By George Kevin Jordan, AFRO Staff Writer
The attorney for Diamond Rust, the woman severely injured during a confrontation with a Washington Metropolitan Area Transit Authority Transit officer, is pushing for legislators to rally in support for amending the WMATA compact, which currently protects the entity from civil claims.
“I’ve never seen sovereign immunity where an entity cannot be sued,” said Yaida Ford, Ms. Rusts attorney. “They’re considered non-suable. They have sovereign immunity.”
Ford says this is problematic because WMATA, which is a tri-state agency, touches so many parts of the D.M.V.
According to the Q2/FY2019Metro report, between Metrorail, Metrobus and Metro Access, the agency services 149.9 passengers. Many of those riders, Ford contends, are African American.
“Eighty percent of ridership is Black,” Ford said. “So to the extent of implicit biases affecting a certain percent of your ridership, that is an issue that needs to be addressed.”
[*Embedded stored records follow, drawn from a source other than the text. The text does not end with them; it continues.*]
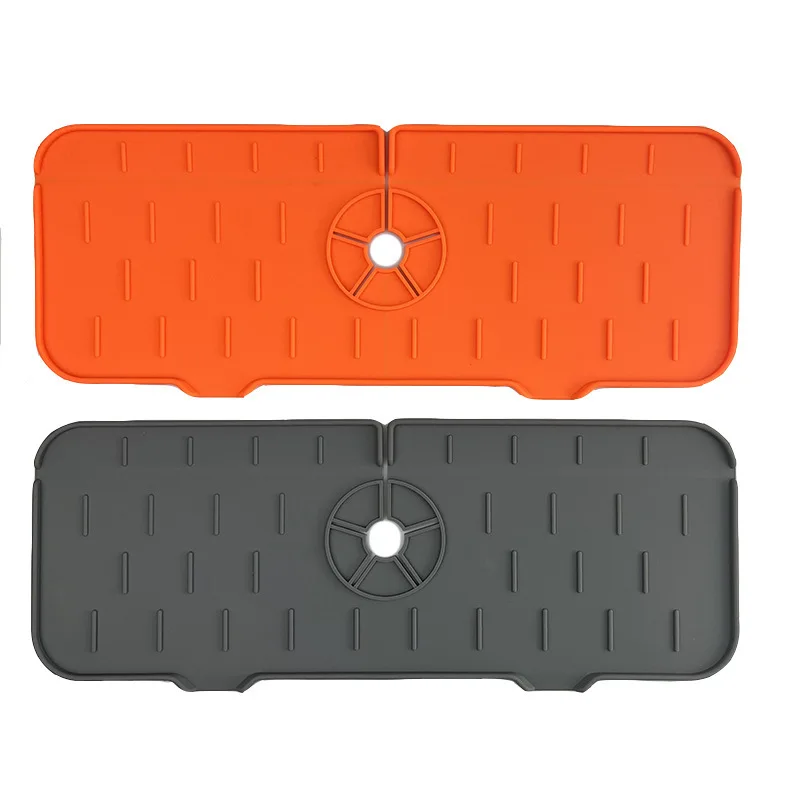 This silicone absorbent mat protects countertops from water splashes while providing a convenient draining surface for dishes and utensils. Durable and easy to clean, it doubles as a splash guard and countertop protector, making it ideal for kitchens and bathrooms. Its flexible design fits neatly around sinks and appliances.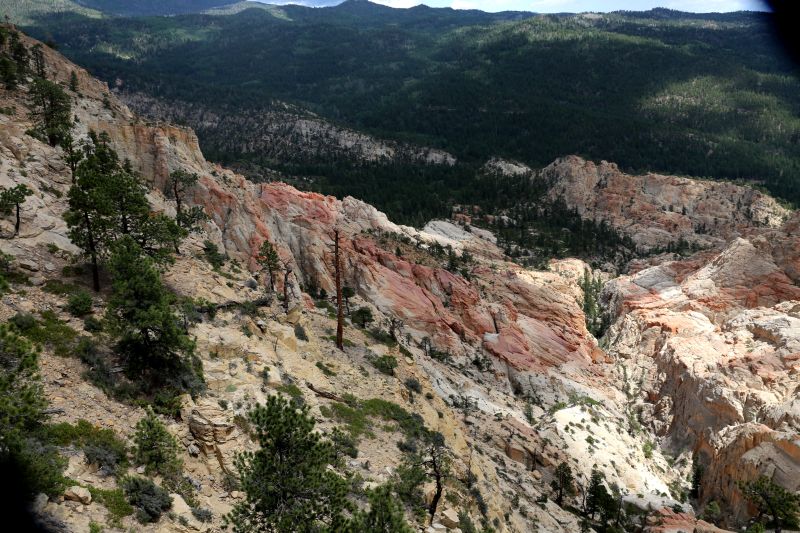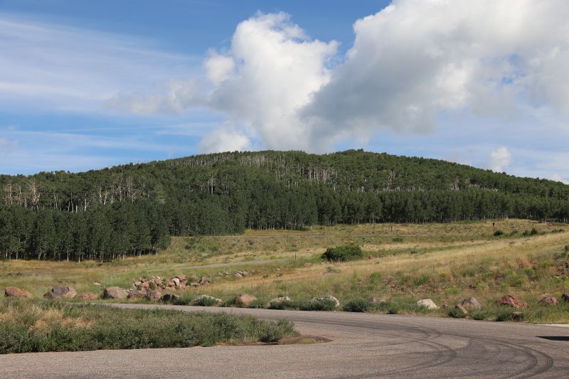Aus unserer Sicht ist die Hellsbackbone Road kein "must see", die meiste Zeit fährt man durch Wald, die Waschbrett-Schotterstraße sorgt für entsprechende Massage des Allerwertesten. Fazit: 30 Meilen Gravel Road, wie gesagt mit heftigem Washboard-Charakter. Anfangs führt die Straße durch buschgesäumtes Ranchland, um sich dann meist durch Pine Forrest hinauf in das eher felsige Gelände an der Hellsbackbone Bridge zu schlängeln.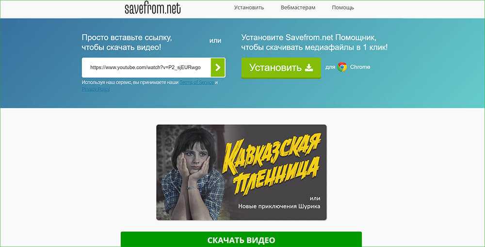 - Откройте видеоролик в браузере и скопируйте ссылку на него. В SaveFrom.net вставьте данные из буфера обмена в специальное поле.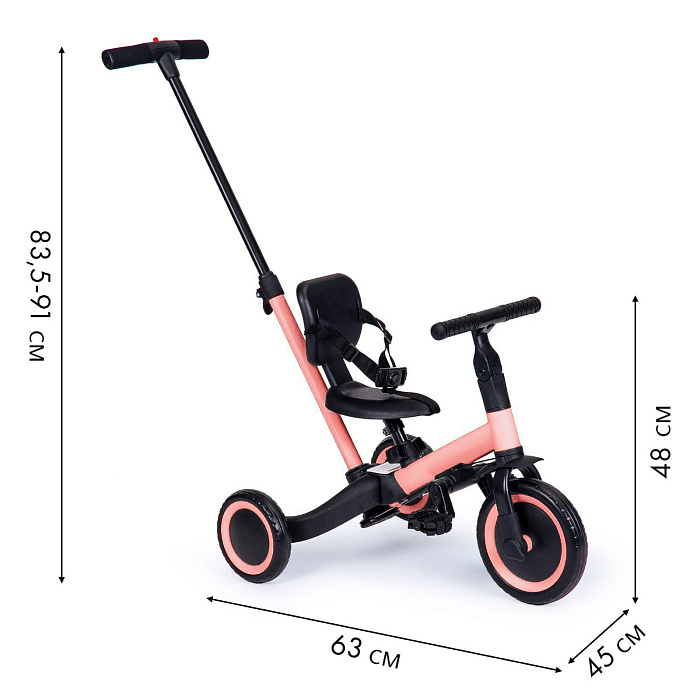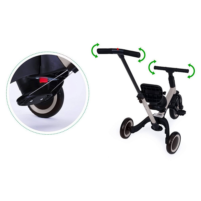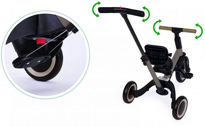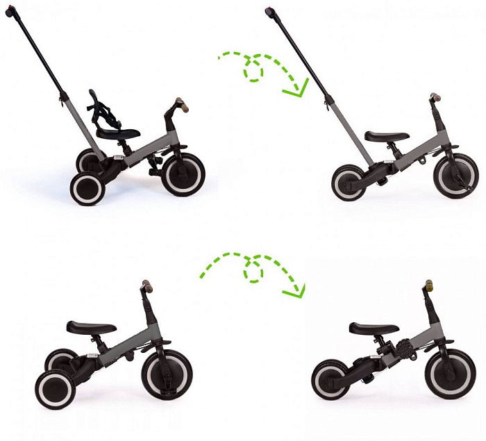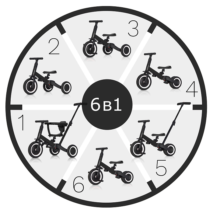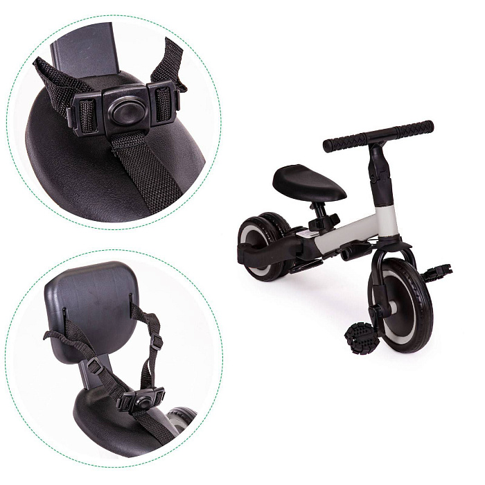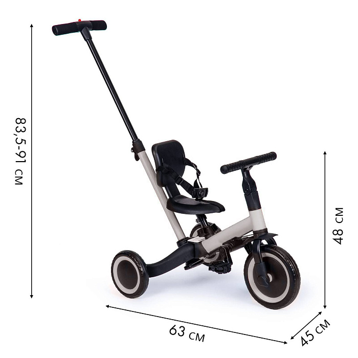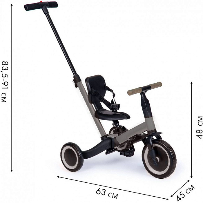Детский беговел-велосипед 6в1 с родительской ручкой, темно-серый - TR008-DARK-GREY - это обновленная модель беговела TR007 с боковой поддержкой сиденья.

This problem bubbled to the surface last February when Diamond Rust, then 21, was arrested for alleged fare evasion. According to Ms. Ford, Rust, was traveling to enroll her child in the Yu-Ying Chinese immersion program. She had two kids in tow and was waved on the bus. She was approached by an undercover officer who said she took too long to pay the fare and forced her off at the next stop.
During that time words were exchanged and Ford alleges that the officer broke four of Rust’s front teeth and fractured her knee.
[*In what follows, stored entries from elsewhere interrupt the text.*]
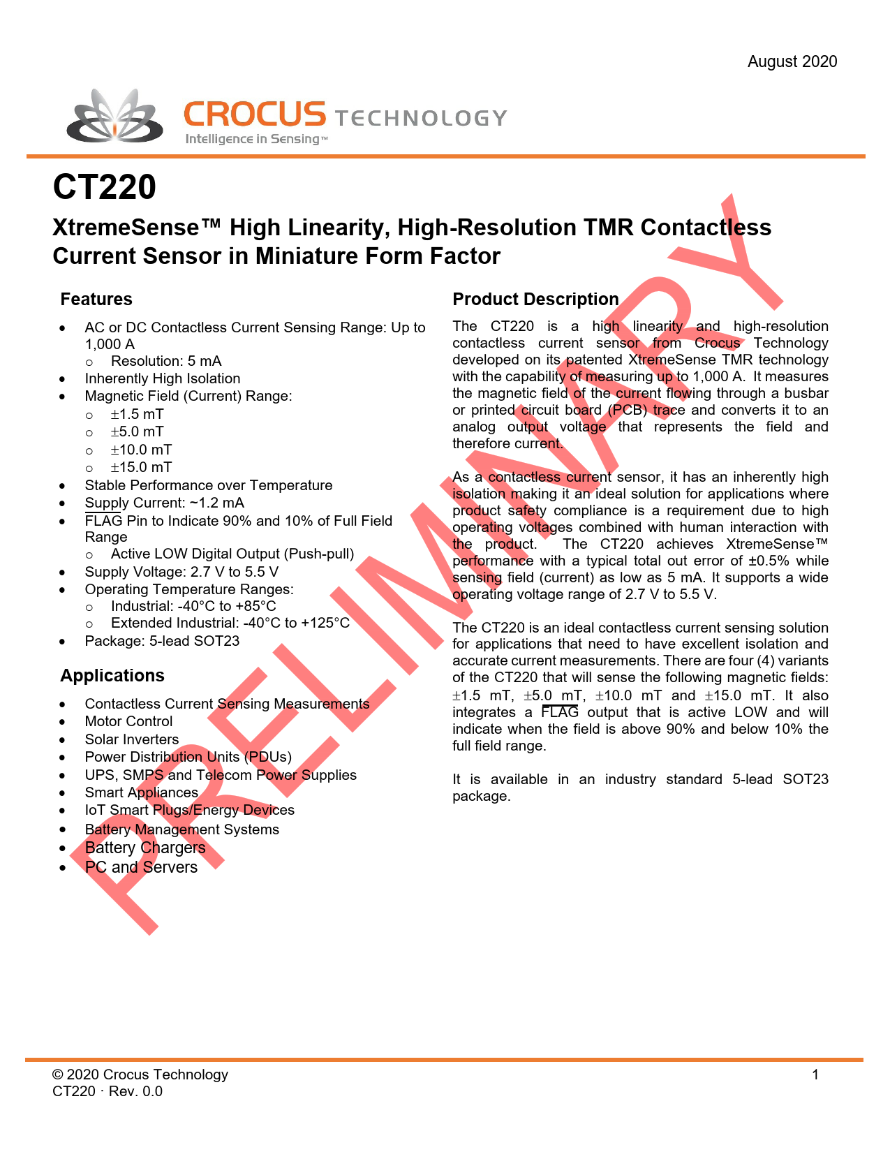 August 2020 CT220 XtremeSense™ High Linearity, High-Resolution TMR Contactless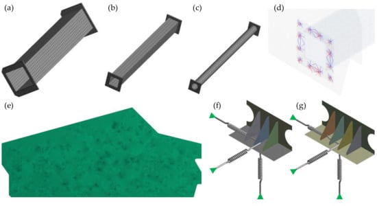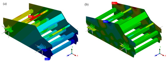 - Beam model. The vibrating screen has one exciting beam, two reinforcement beams, and a dozen bearing beams. In order to ensure that the calculation is accurate and it is easy to load the alternating forces, SOLID elements are adopted for the beam models, as shown in Figure 2a–c;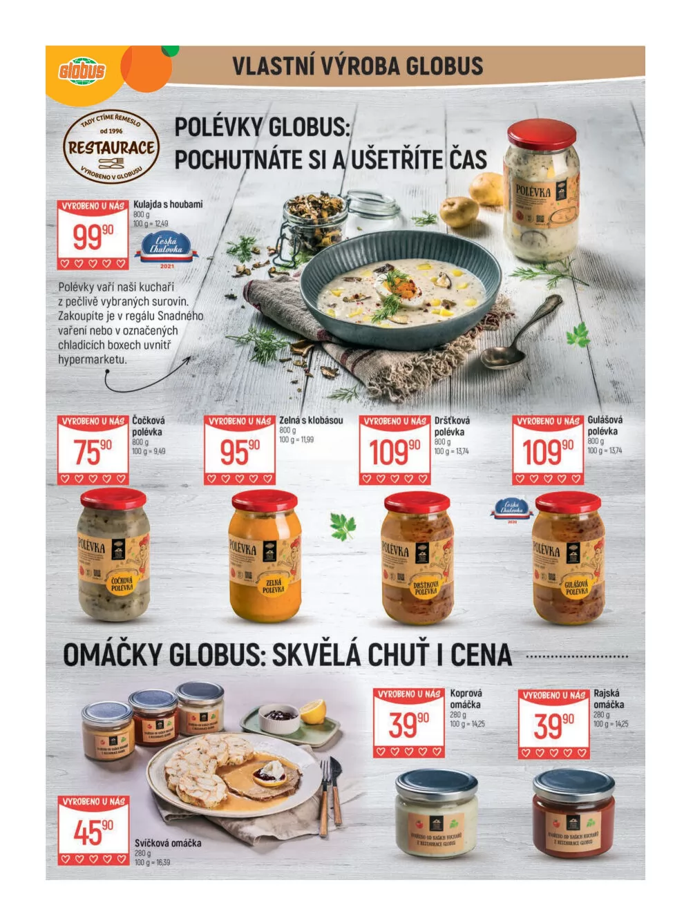V letáku obchodu Globus najdete širokou nabídku vlastních výrobků, které potěší vaše chuťové pohárky.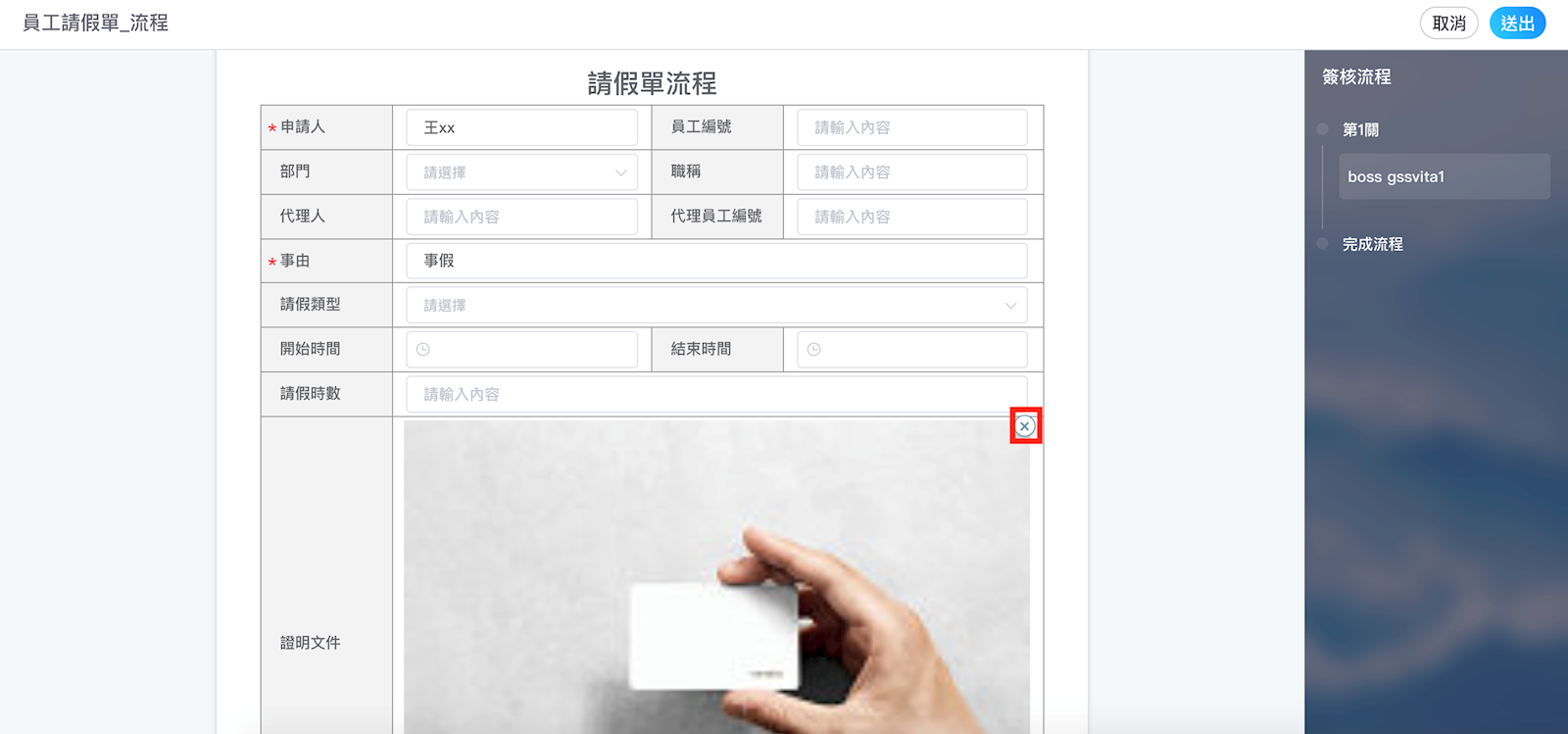 而填單者就會看到預覽圖片,若填單著要重新上傳圖片,點選圖片右上角的【 X 】即可重新上傳。

According to the affidavit filed in D.C. Superior Court, the officers stated that in their attempt to detain her, her head hit the pavement first. They later transported Rust to George Washington Hospital with injuries to her mouth and knee.
As to Ms. Rust’s condition now, Ford said, “This is hard. It’s been very hard. With victims of police violence, the effects of the trauma can be long lasting”
“Medically the extent of the nerve damage in her mouth is unknown. Right now we don’t know how bad it’s going to be because nerve damage can crop up at anytime.”
The fare evasion charges were dropped against Ms. Rust, Ford said.
The issue of fare evasion was already a hot button topic in the District, as D.C. Council members fought to decriminalize it, facing opposition from certain members of the Council. In January, Mayor Bowser vetoed the bill. The Council overrode her veto to push the bil through.
The billwas submitted to Congress with a projected Law Date of May 2, 2019.
Ford said she is pursuing legal action against the police officer but wants to be able to hold the entity that employees them accountable as well.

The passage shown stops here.